Ну вот, природу и производство я, как мог, охарактеризовал. Осталась культура. Практически во всех подобных выездных мероприятиях, если там имелся Дом хотя бы какой-никакой культуры, мы обязательно демонстрировали местному населению свою самодеятельность. Исключение составила только первая картошка, но там был ещё первобытно – общинный строй. Здешний Дом был вполне культурным, и даже электроинструменты имелись. Но местный худрук, несмотря на музыкальное образование, умел исполнять на органе одну-единственную песню про какую-то Таню и даже не имел представления о существовании, к примеру, Битлов. После короткого общения с ним мне стало как-то тоскливо, и я отобрал у него во временное пользование две гитары, ритм и бас, и небольшую ударную установку. Мы с ребятами втроём, а то и вдвоём, практически без репетиций уже могли обеспечивать танцы. Эта культурная деятельность ставила галочку в моём комиссарстве. Равно как и эстрадные миниатюры. К примеру, старый трюк в сценке «Студенты на разгрузке кирпича», когда на сцене перебрасываются кирпичи, и вдруг один из них летит прямо в зал… Кирпич, конечно, склеен из ватмана, и после первого шока зрители разрывали его, но обнаружив внутри старую мочалку, теряли интерес к происходящему. Тем не менее, приезды городских студентов вносили разнообразие в сельскую жизнь, и о нас писали местные провинциальные газеты.
ЭПИЗОД ДВЕНАДЦАТЫЙ
Лето после четвёртого курса стало завершением студенческой трудовой эстафеты, последним всплеском эмоций и апофеозом всех предшествующих сельхозработ, стройотрядов и каникул в одном флаконе. Девчонки наши как-то прознали, что на юге зреет виноград и из него делается вино, определили конкретный совхоз и, вырвавшись наконец за пределы земли Нижегородской, мы устремились в наш общий Крым. Некоторые из наших там уже бывали и на сей раз уехали раньше, чтобы застолбить места проживания, а второй эшелон двинулся уже на всё готовое. В нём находились и мы с моим старым школьным другом Славкой.

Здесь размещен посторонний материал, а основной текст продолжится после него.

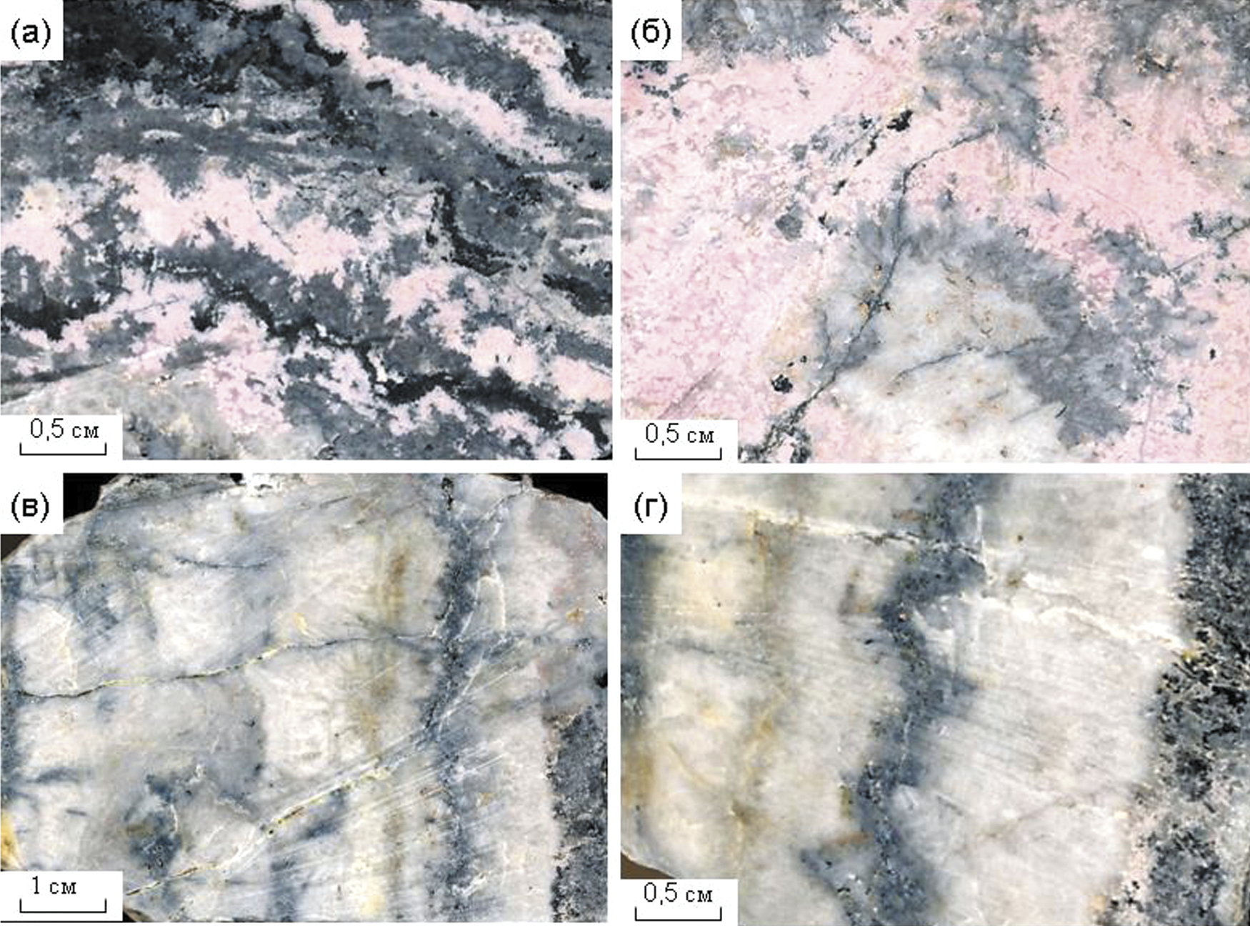 Фиг. 6. Колломорфно-полосчатые текстуры руд месторождения Теплое. а–б — термометаморфизованные кварц-родонит-пиролюзитовые руды, обогащенные акантитом; в–г — кварц-халцедон-адуляр-гидрослюдистые руды, не затронутые процессом термометаморфизма, со скоплениями тонко-вкрапленных сульфидов: галенита, акантита и полибазита в темных прослоях.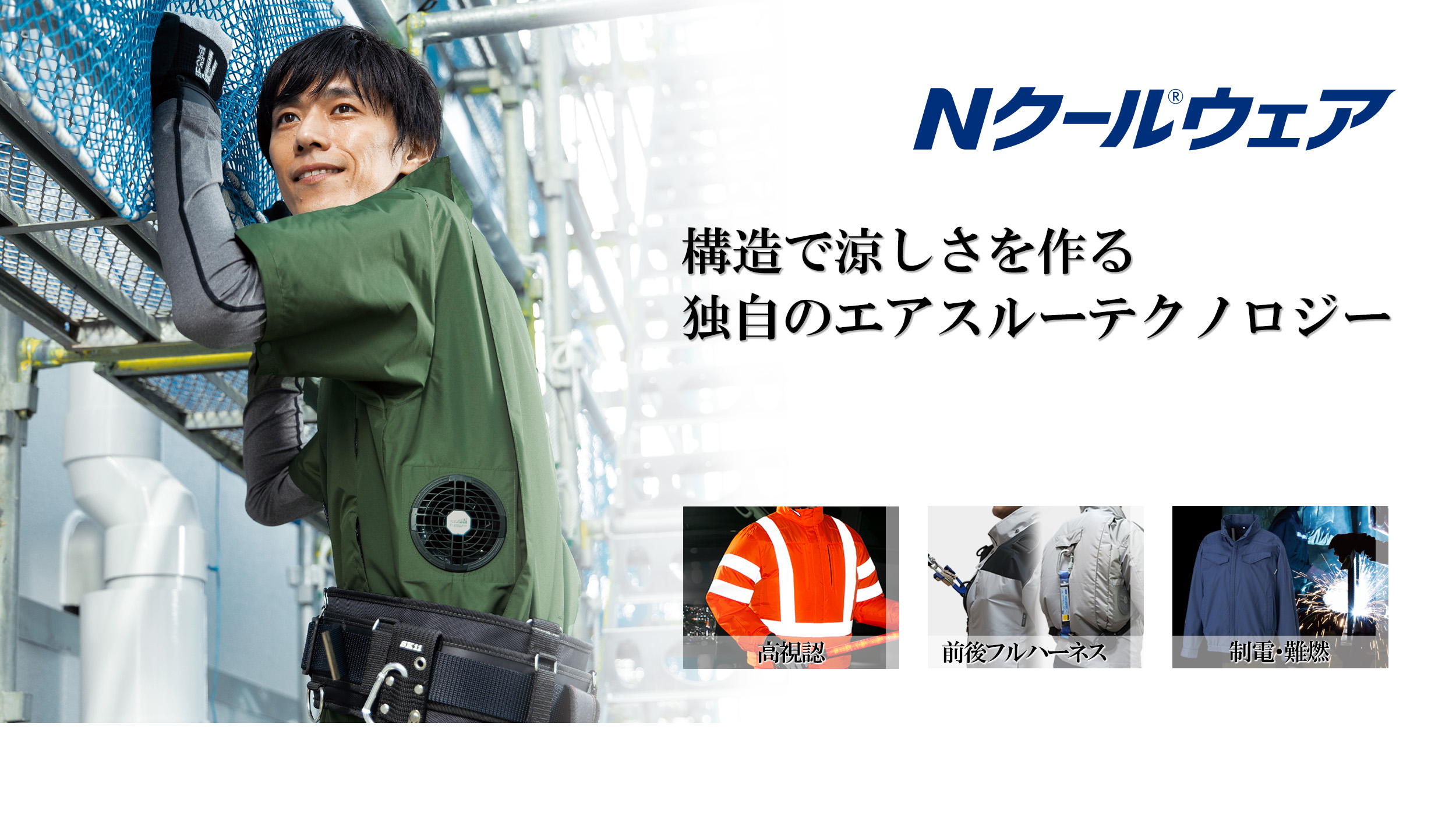 高所作業、工事現場、農業、レジャーなど、あらゆるシーンに対応するNクール®ウェアを取り揃えています。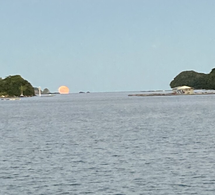 昨日は満月でした。やはり写真だと分かりづらいですが、海が登るお月様は、夕日を映して真っ赤で、燃え滾るマグマのような姿をしておりました。この日は、新しく行われるライトアップの点灯式でしたが、ライトが点灯する瞬間よりも、この満月を見たときの人々の歓声の方が大きく、しばらくの間みとれている人が多かったのが印象的でした。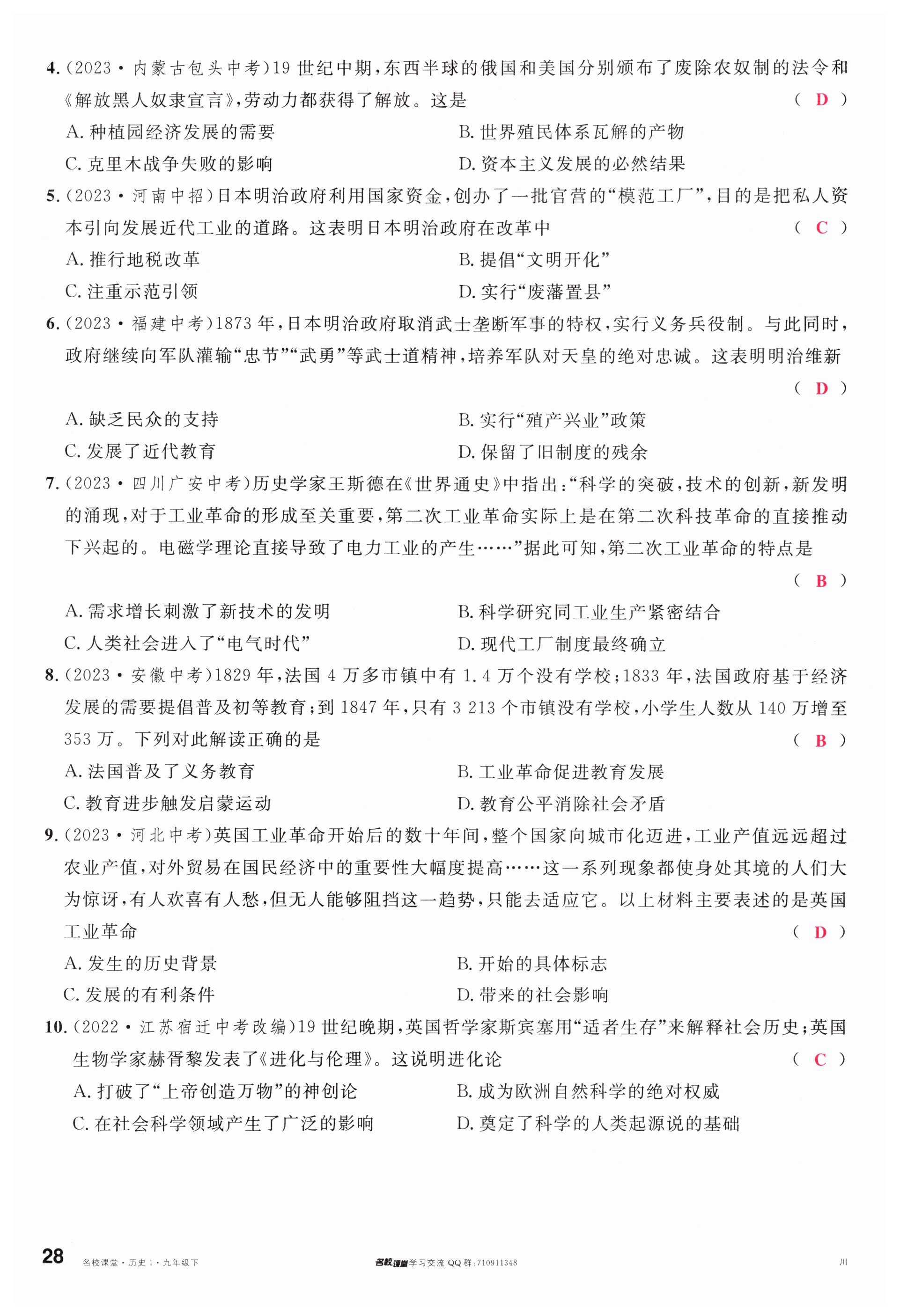 注:目前有些书本章节名称可能整理的还不是很完善,但都是按照顺序排列的,请同学们按照顺序仔细查找。练习册 2024年名校课堂九年级历史下册人教版四川专版 答案主要是用来给同学们做完题方便对答案用的,请勿直接抄袭。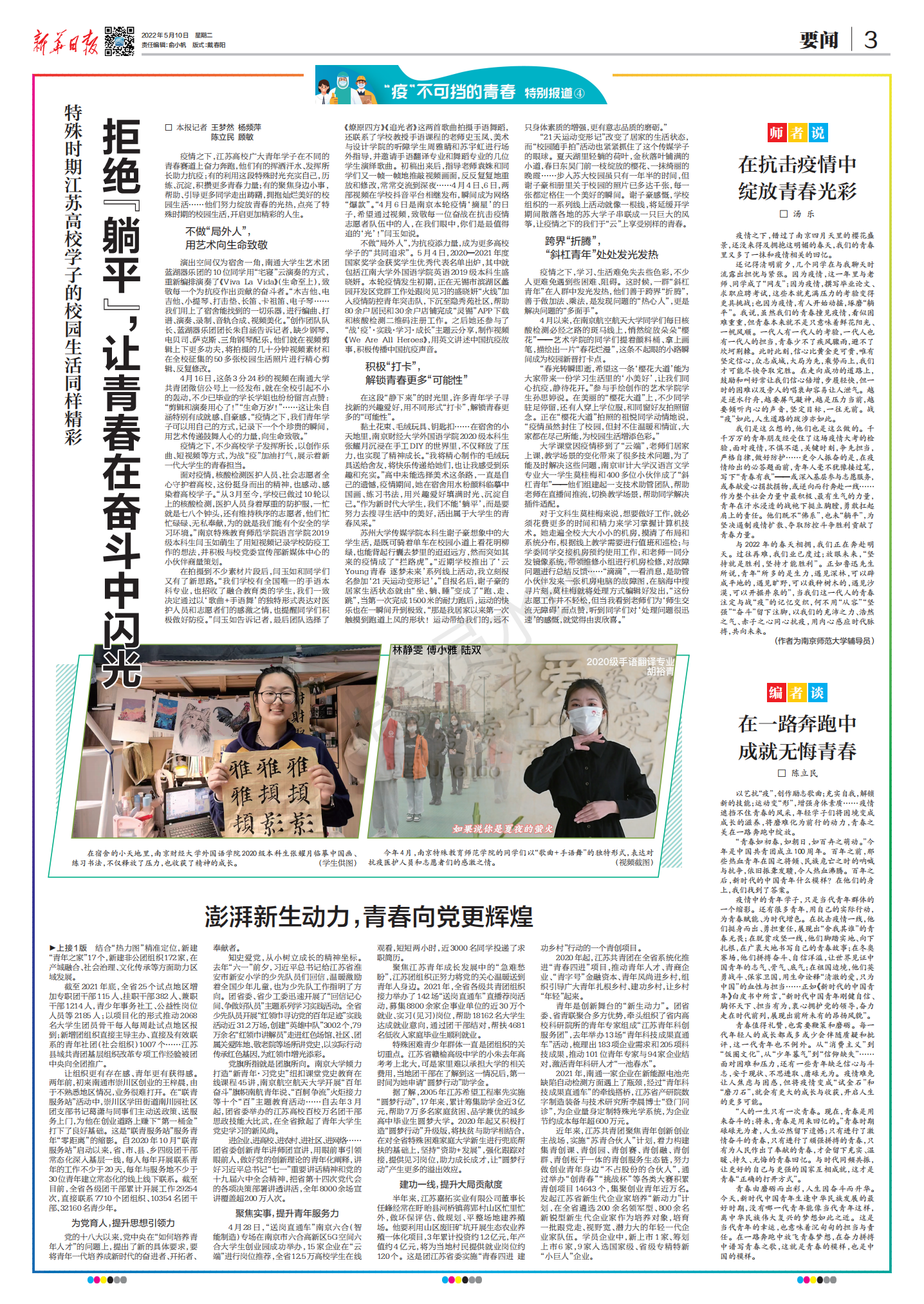 疫情之下,江苏高校广大青年学子在不同的青春赛道上奋力奔跑,他们有的挥洒汗水、发挥所长助力抗疫;有的利用这段特殊时光充实自己,历练、沉淀,积攒更多青春力量;有的聚焦身边小事,帮助、引导更多同学走出踌躇,拥抱灿烂美好的校园生活……他们努力绽放青春的光热,点亮了特殊时期的校园生活,开启更加精彩的人生。

Поезд был прямой и безграничный. На украинской территории к нам подсели две симпатичные хохлушки, ехавшие до Запорожья. Вскоре осталась одна, так как с другой Славка, не теряя времени, пошёл в тамбур целоваться. Мне процесс этот был уже противопоказан, ибо ехал я в Тулу со своим самоваром. Наташка была рядом, и определённость в наших отношениях подходила к завершающей стадии.
Винодельческий совхоз находился в селении Солнечногорском, что под Алуштой. На фрукто-ягодно-уборочные работы принимались все желающие, группами или по отдельности, без анкетирования и рекомендаций. Урожай, находившийся на последней стадии беременности, требовал акушерского вмешательства. Мы даже как-то удивлялись, что можно так удачно пристроиться, чтобы собирать виноград или, предположим, хреном груши околачивать, получать за это деньги, да ещё и издеваться над просто отдыхающими, сидя в кузове неторопливого грузовика и с барского плеча бросая им грозди винограда.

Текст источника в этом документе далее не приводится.